The establishment of a Jewish state, the philosopher Martin Buber feared, would mean "premeditated national suicide." He believed strongly that the most important possibility for Zionism was in changing the relationships between people. He wrote powerfully in favor of Arab rights in Palestine. Even in later years, he worked for the establishment of a joint Arab-Jewish state. Professor Shemuel Hugo Bergman said that with Dr. Buber's death, "humanity has lost one of its greatest sons, Jewry has lost its greatest son, and Israel has lost her living conscience."
The fate Buber foresaw is upon us: a nation that has lived in a state of war for decades, a quarter-million Arab citizens with second-class status and more than five million Palestinians deprived of the most basic political and human rights. If two decades ago comparisons to the South African apartheid system felt like hyperbole, they now feel charitable. The white South African regime, for all its crimes, never attacked the Bantustans with anything like the destructive power Israel visited on Gaza in December and January, when nearly1,300 Palestinians were killed, one-third of them children.
Arendt in "Zionism Reconsidered," written in 1944 before the creation of the modern state of Israel, predicted the Nakba, unending conflict, Zionist dependence on the American Jewish community that would ultimately conflict with that community, and the contribution of political Zionism to worldwide anti-Semitism. She wrote: "Nationalism is bad enough when it trusts in nothing but the rude force of the nation. A nationalism that necessarily and admittedly depends upon the force of a foreign nation is certainly worse. This is the threatened state of Jewish nationalism and of the proposed Jewish state, surrounded inevitably by Arab states and Arab people. Even a Jewish majority in Palestine–nay even a transfer of all Palestine’s Arabs, which is openly demanded by the revisionists–would not substantially change a situation in which Jews must either ask protection from an outside power against their neighbors or come to a working agreement with their neighbors… The Zionists, if they continue to ignore the Mediterranean people and watch out only for the big faraway powers, will appear only as their tools, the agents of foreign and hostile interests.

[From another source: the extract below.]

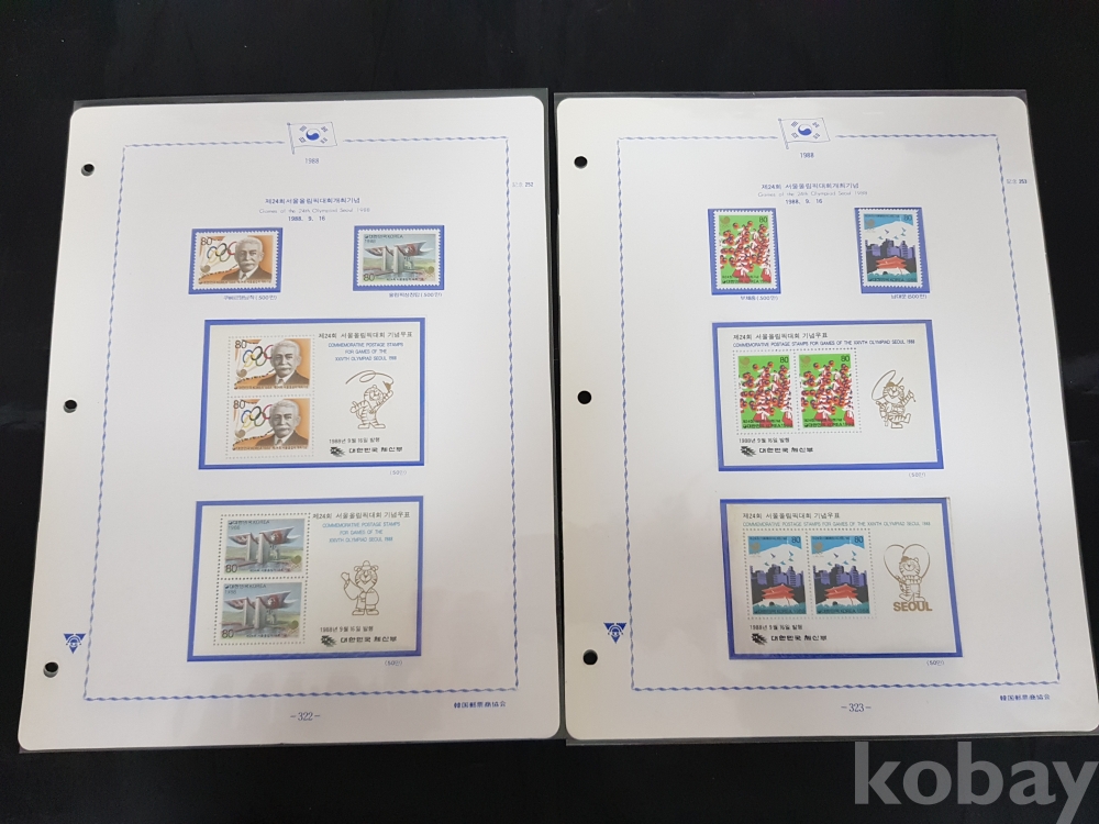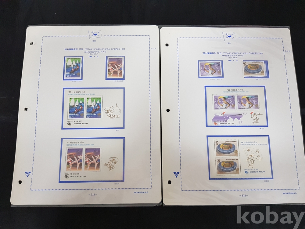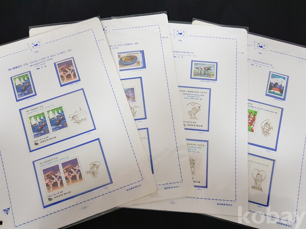 - 88서울올림픽 시트,우표 세트 / 1980년대~ 한국우표앨범 3번부터의 우표책 앨범해체분
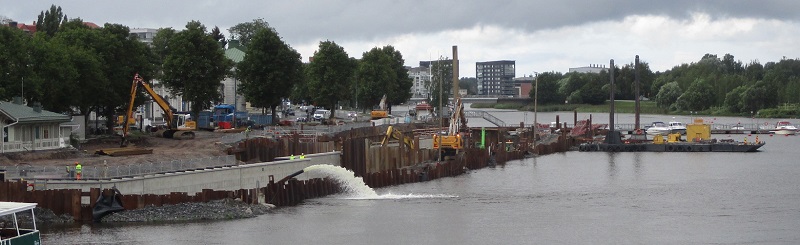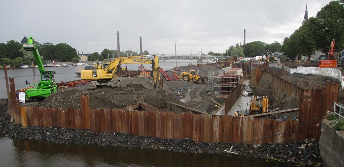 Ymmärtääkseni paikalliset ylen korkeat kulttuuripersoonat ovat nenäänsä nyrpistellen valitelleet ja paheksuneet kesän yleisötapahtumien yli joen etelärannalla jatkuvia Porin 'Jokikeskuksen' rakennustöitä. Mielestäni kuitenkin monet 'Taavi'-sillan yli kulkeneet turistit vaikuttivat rakennustyömaasta hyvinkin kiinnostuneilta. Luulenpa että 'Jokikeskus' voi hyvinkin olla Porille jonkinlainen valtti ja hyvä voimavara, vaikka sillä on ollutkin niin paljon vastatuulta.

Jews who know their own history should be aware that such a state of affairs will inevitably lead to a new wave of Jew-hatred; the antisemitism of tomorrow will assert that Jews not only profiteered from the presence of foreign big powers in that region but had actually plotted it and hence are guilty of the consequences… Only folly could dictate a policy which trusts a distant imperial power for protection, while alienating the goodwill of neighbors. What then, one is prompted to ask, will be the future policy of Zionism with respect to big powers, and what program will Zionists have to offer for a solution of the Arab-Jewish conflict?… If a Jewish commonwealth is obtained in the near future–with or without partition–it will be due to the political influence of American Jews… But if the Jewish commonwealth is proclaimed against the will of the Arabs and without the support of the Mediterranean peoples, not only financial help but political support will be necessary for a long time to come. And that may turn out to be very troublesome indeed for Jews in this country [the U.S.], who after all have no power to direct the political destinies of the Near East. It may eventually be far more of a responsibility than today they imagine or tomorrow can make good."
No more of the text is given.